In 1982, Othman resigned as Chief Minister after 16 years of service.

In 1985, Othman was defeated by Muhyiddin Muhammad Yassin for the post of Pagoh division chief of UMNO. He had served in that position for 14 years.

A few years later, in 1987, he joined the newly formed Tengku Razaleigh Hamzah-helmed political party S46 to challenge UMNO in the 1990 Malaysian general election. However, the party did not succeed and was later dissolved.

==Personal life==
Othman was born in Kampung Tengah (Tengah Village), Muar, Johor to a wealthy rice trader.

Othman has nine children from three marriages, seven children (first wife) one child (second wife) one child (third wife), 32 grandchildren and ten great-grandchildren. His first wife, Rokiah Alwi, died in 1990. His third marriage with Hasmah Hussein ended in divorce. Othman's second wife Kamariah Buyung and eldest son Zulkifli Othman and his other children were with him when he died.

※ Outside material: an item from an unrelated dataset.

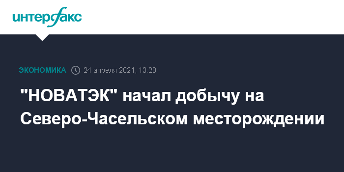 "НОВАТЭК" начал добычу на Северо-Часельском месторождении

A luxury car enthusiast, Othman's collection at one time included 50 different cars, with brands including Ferrari, Alfa Romeo and Jaguar. Later, he maintained he only has one Mercedes-Benz S400 with his favourite plate number, JDN 7.

==Honours==
- Malaysia
  - Commander of the Order of the Defender of the Realm (PMN) – Tan Sri (1975)
- Johor
  - (revoked 1982)
  - (1968, revoked 1982)
  - (1969, revoked 1982)
  - (1972, revoked 1982)
  - (1975, revoked 1982)
  - (revoked 1982)
- Kelantan
  - Knight Grand Commander of the Order of the Life of the Crown of Kelantan (SJMK) – Dato' (1989)

==Death==
Othman experienced light strokes in 2001 and 2002. He had his right leg amputated from the knee downwards due to a gangrene on 2 October 2007, at Sultan Ismail Hospital and gradually recovered. Othman also experienced spinal pain after lying in bed for too long.

On 27 October 2007, Othman died at the age of 80 at the Sultan Ismail Hospital in Pandan-Tebrau, Johor Bahru due to sepsis at 7.00 am. Prayers were offered at the Sultan Abu Bakar State Mosque with the crown prince of Johor, Tunku Ibrahim Ismail ibni Sultan Iskandar Al-Haj, present. Othman was subsequently buried in Mahmoodiah Royal Mausoleum.

A village in Johor has been named 'Othman Saat Village' to commemorate his service.